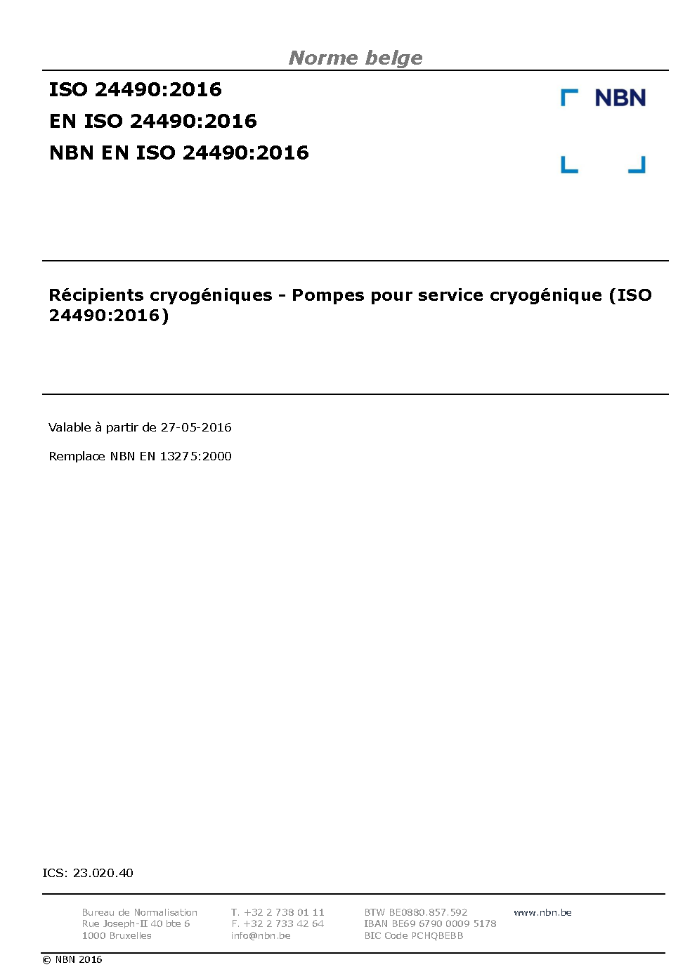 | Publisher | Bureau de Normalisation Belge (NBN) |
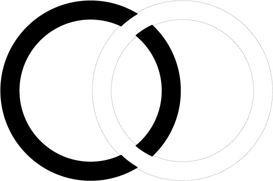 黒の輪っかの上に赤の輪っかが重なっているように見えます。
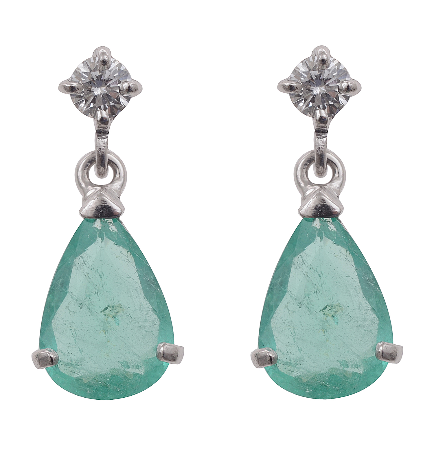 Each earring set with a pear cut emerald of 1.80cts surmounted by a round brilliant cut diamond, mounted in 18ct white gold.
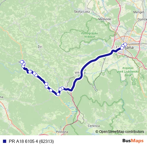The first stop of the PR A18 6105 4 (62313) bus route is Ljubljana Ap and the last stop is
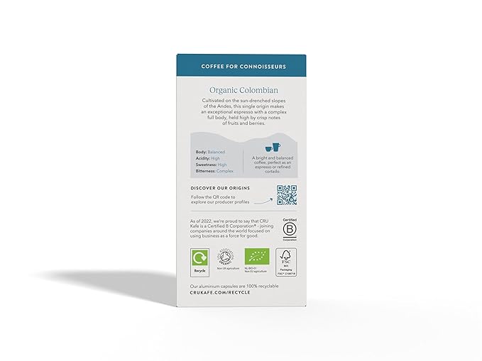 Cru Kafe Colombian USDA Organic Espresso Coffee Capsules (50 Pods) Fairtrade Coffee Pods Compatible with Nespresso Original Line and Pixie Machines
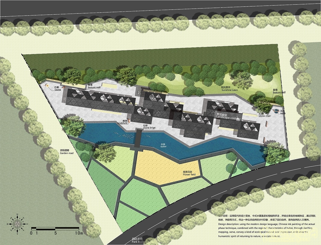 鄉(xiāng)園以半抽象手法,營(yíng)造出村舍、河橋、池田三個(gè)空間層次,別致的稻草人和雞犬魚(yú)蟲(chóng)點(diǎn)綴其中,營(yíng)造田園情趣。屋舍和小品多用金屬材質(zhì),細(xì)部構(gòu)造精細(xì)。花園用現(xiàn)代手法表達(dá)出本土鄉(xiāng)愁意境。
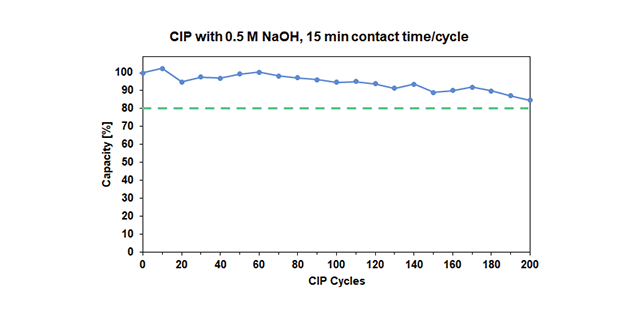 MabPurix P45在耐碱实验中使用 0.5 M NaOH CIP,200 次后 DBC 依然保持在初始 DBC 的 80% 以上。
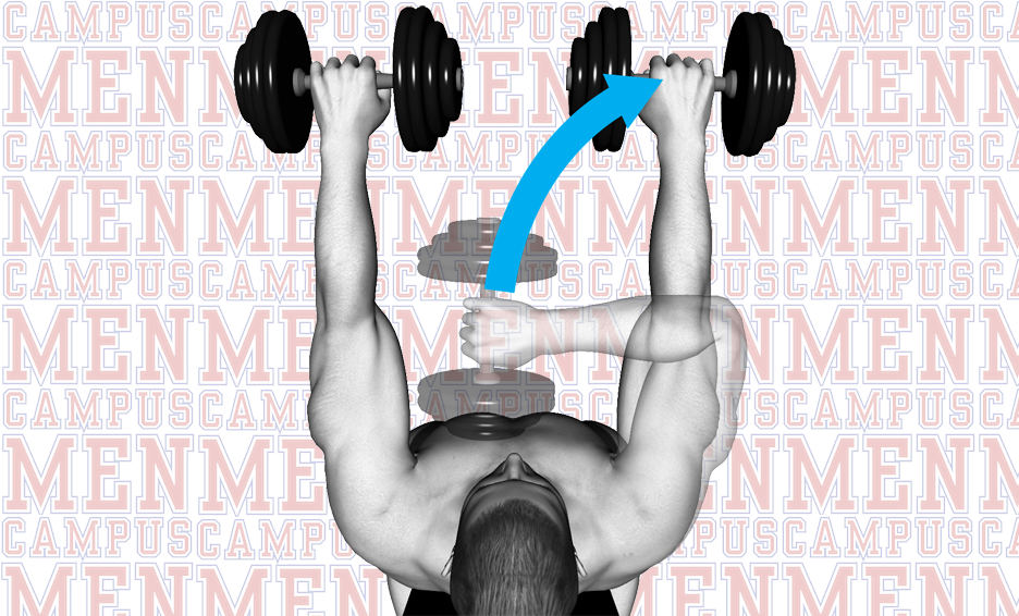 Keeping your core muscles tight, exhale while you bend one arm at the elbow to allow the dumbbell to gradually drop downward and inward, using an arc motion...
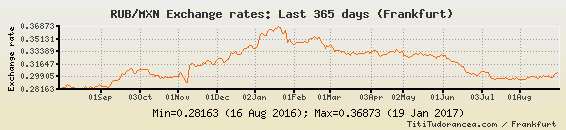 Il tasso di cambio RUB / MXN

→ EXERCISE INSTRUCTIONS
Restate, word for word, the entries above, dropping any picture.

→ TASK RESULT
 | Publisher | Bureau de Normalisation Belge (NBN) |
 黒の輪っかの上に赤の輪っかが重なっているように見えます。
 Each earring set with a pear cut emerald of 1.80cts surmounted by a round brilliant cut diamond, mounted in 18ct white gold.
The first stop of the PR A18 6105 4 (62313) bus route is Ljubljana Ap and the last stop is
 Cru Kafe Colombian USDA Organic Espresso Coffee Capsules (50 Pods) Fairtrade Coffee Pods Compatible with Nespresso Original Line and Pixie Machines
 鄉(xiāng)園以半抽象手法,營(yíng)造出村舍、河橋、池田三個(gè)空間層次,別致的稻草人和雞犬魚(yú)蟲(chóng)點(diǎn)綴其中,營(yíng)造田園情趣。屋舍和小品多用金屬材質(zhì),細(xì)部構(gòu)造精細(xì)。花園用現(xiàn)代手法表達(dá)出本土鄉(xiāng)愁意境。
 MabPurix P45在耐碱实验中使用 0.5 M NaOH CIP,200 次后 DBC 依然保持在初始 DBC 的 80% 以上。
 Keeping your core muscles tight, exhale while you bend one arm at the elbow to allow the dumbbell to gradually drop downward and inward, using an arc motion...
 Il tasso di cambio RUB / MXN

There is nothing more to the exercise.